Valdemar Andrade, Executive Director, TASA

“Also at the same time trying to take the pressure off the regular commercial specie like conch, lobster and fin fish thereby diversifying the resource base.  So, what we are trying to do as well is to create climate resilience for the Turneffe fisher, so trying to look at something that will still perform under these climatic conditions that we have these days.    In doing this process and looking at the technique, we have found that the seaweed is good nursery grounds because we have also found evidence of small finfish, juvenile lobsters, crabs and crustaceans. So it also has nursery value.”

 

…and so because the seaweed thrives in our waters – and it provides so many benefits and opportunities – the plan is to get the seaweed farmers organized so that Belize can start commercial exportation. And that is why the Department of Cooperatives is involved to help guide the development of this emerging industry.

 

Michel Lewis

Michel Lewis, Senior Cooperative Officer, Department of Cooperatives

“There is a market for Belize. The issue is that the market is just for the dry and in a gel form. It is a simple process. The Placencia Fishermen Cooperative has not really moved to that stage where they are really adding value to the product but we know that the potential is there for markets in terms of doing cosmetic products; hair products and food – you can use seaweed as food. The whole idea of this what we are looking at is that we want to supply the local market yes, but we feel that the real income is in the export market in terms of value adding.  We are hoping that we can get not only the existing fishermen who are members of cooperatives but other fishermen who are independent. We are going to assist them to organize the groups and get them to work together.”

 

Seaweed sells for thirty-dollars on the local market – and on the U.S. market it sells for fifteen US dollars. Local experts say that the demand for seaweed and its by-products are growing. It is used for food; cosmetics; pharmaceuticals; industrial products and more. The Fisheries Department is now working on policies and regulations for this emerging mari-culture sector.

 

Felicia Cruz

Felicia Cruz, Fisheries Officer, Fisheries Department

“The Department is presently drafting the policy and some regulations that would guide the application; the extraction; the monitoring; the exportation and overall development of the seaweed mariculture activities in Belize.

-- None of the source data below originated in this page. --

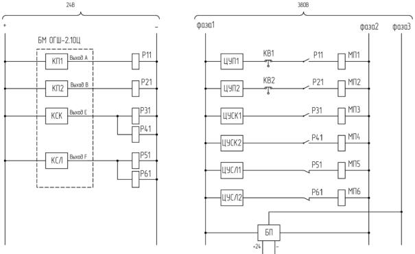 Для реализации основных и дополнительных функций управления в ОГШ-2.х имеются 4 – 8 управляющих реле, предназначенных для коммуникации цепей управления переменного тока напряжением 380 В. Управляющие реле расположены в блоке питания (2 – 3 реле) или в отдельных блоках (БП3, БЗР).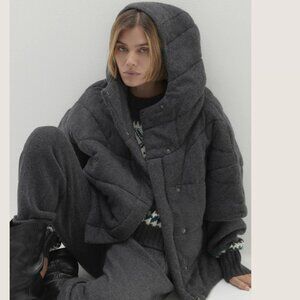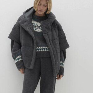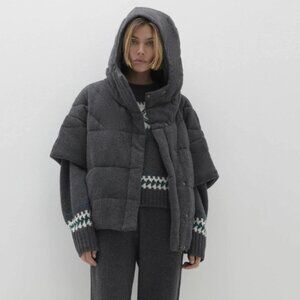 The Patti Cashmere Puffer Jacket redefines winter outerwear with its unique short sleeves and combination of zip-up and snap button closures. A hood and slit pockets offer extra warmth and functionality.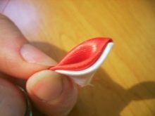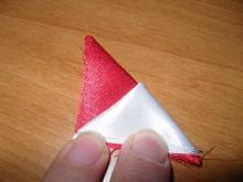 Mehrschichtige Blütenblätter werden hergestellt, indem Quadrate übereinander gelegt und diese 7 Schritte wiederholt werden. Fügen Sie ein neues Dreieck hinzu, um nach den ersten beiden Schritten eine runde Form zu erstellen. Auf der Hypotenuse (lange Seite) finden Sie die Mitte. Sie können eine Linie nach unten ziehen, um die oberen Ecken gleichmäßig nach innen zu biegen. Sie versengen die Basis und schneiden die überschüssigen Teile ab. Drehen Sie das Produkt.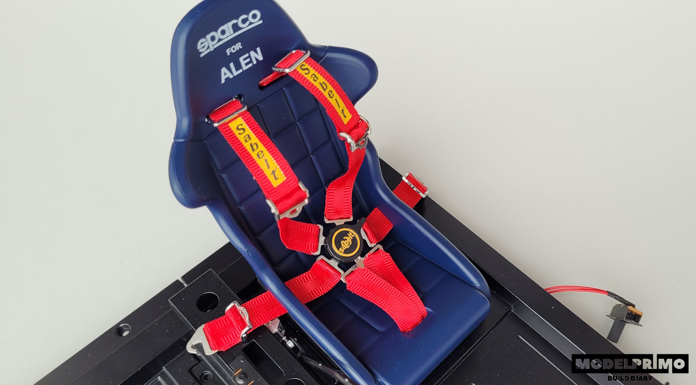 Pierwszy fotel to kubełkowe SPARCO, do którego wkładamy kompletny pas i przyktręcamy go do podłogi.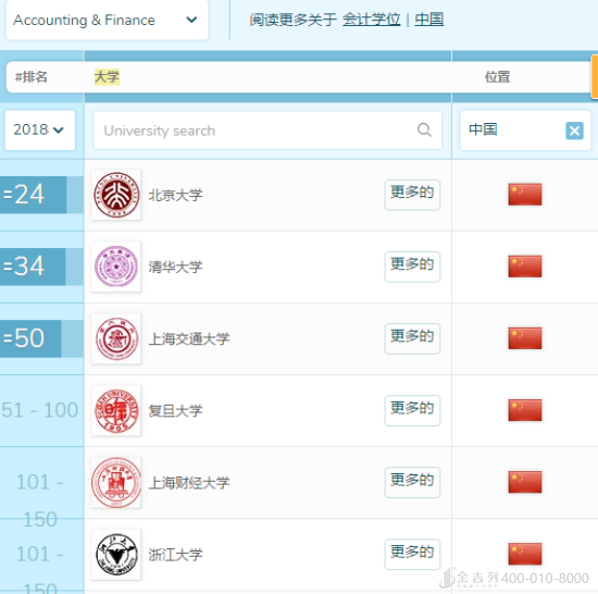 我国是发展中国家,自然也会很注重经济发展,但是我国人口过多,经济发展还在努力中,相对来讲会计金融方向的课程排名靠前的比重不是很高,3所名校该专业排名位于前50位,1所大学位于51-100位,2所大学位于101-150位,2所大学位于151-200位。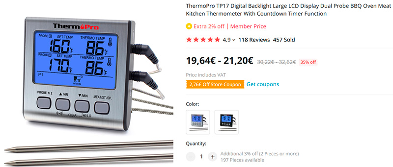 Я тоже пользуюсь InkBird. IRF-2SA, на два щупа (у этого продавца. но продавец австралийский, так что тут он вряд-ли интересен). Жалею, что в своё время не купил на 4 у них же похожий. Мне для копчения он был бы удобнее.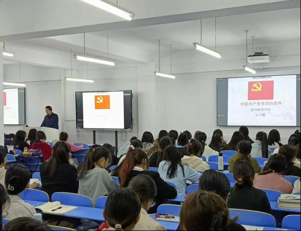 2023年10月13日晚上,为加强对党员发展对象的培养与监督、党员积极分子的队伍建设,提高党员发展对象理论水平和党性修养,从源头上把控好党员质量,公司党委组织了入党积极分子党课培训第三讲。本次培训在实验楼301进行,由教育科学研究所所长张学鹏老师主讲,会议全程井然有序,员工认真听讲、积极配合。
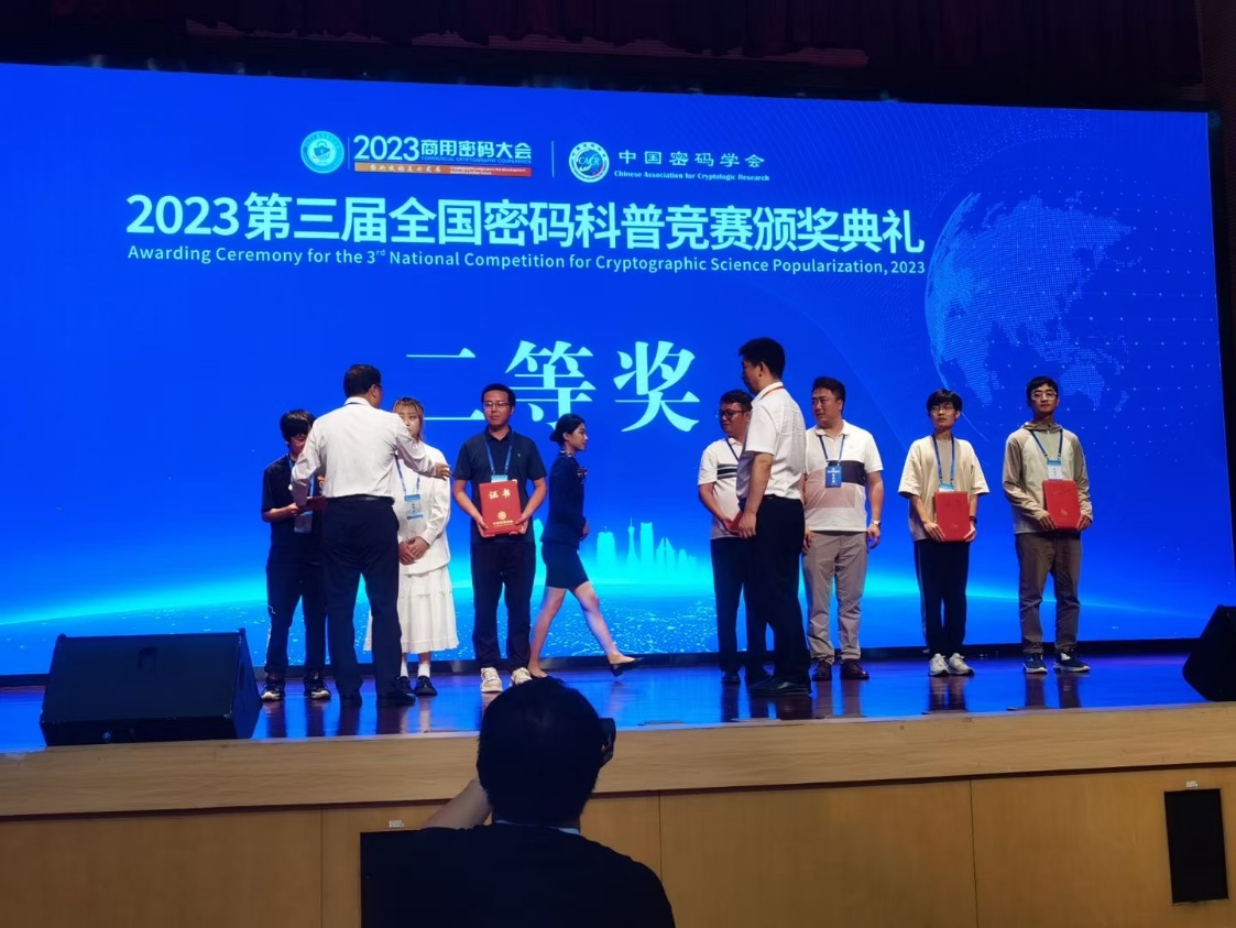 2023年8月10日,2023第三届全国密码科普竞赛决赛及颁奖典礼在郑州举行,来自全国各大高校、企业和科研院所共285项作品参赛,经过网评共有90项作品入围总决赛。我校人工智能与大数据学院密码技术应用专业肖鑫、杨璐、赵玉洁三名同学的作品《隐私加密技术——秘密共享》,在指导教师罗攀及团队的指导下,荣获总决赛二等奖,这是高职院校首次参加该项比赛,我校参赛作品也是唯一获得二等奖以上的高职院校作品。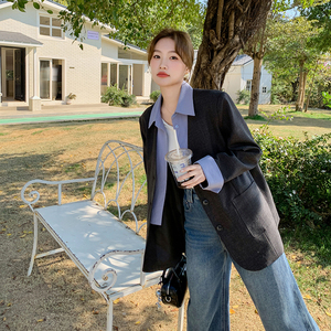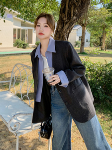 2025秋季新款时尚设计感假两件拼接西装外套女宽松气质感淡人西服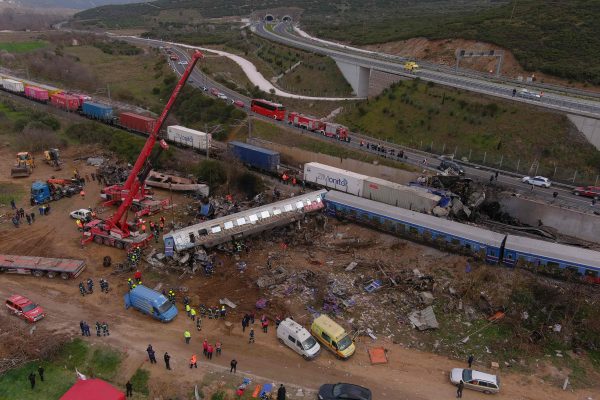 搜救团队天亮后仍在检查焖烧中的变型车箱,一旁的起重机将火车碎片缓缓吊起。直到事发数小时后,搜寻死伤乘客的工作还在进行中。国营希腊广播电视公司的画面中可以看到,陆续有覆盖白布的罹难者遗体被抬上救护车。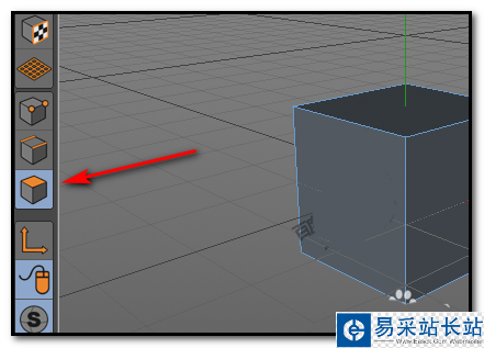 2、按住ALT,再點布爾,把立方體做布爾的子級。然后,選中立方體,再在界面左側點:多邊形圖標

We are still in that process and we are shifting now from research to commercialization. So, with this sensitization effort we hope to have something structured and guided for them sometime this year because we believe the opportunity is now.”

 

Reporting for News Five, I’m Andrea Polanco.


Viewers please note: This Internet newscast is a verbatim transcript of our evening television newscast. Where speakers use Kriol, we attempt to faithfully reproduce the quotes using a standard spelling system.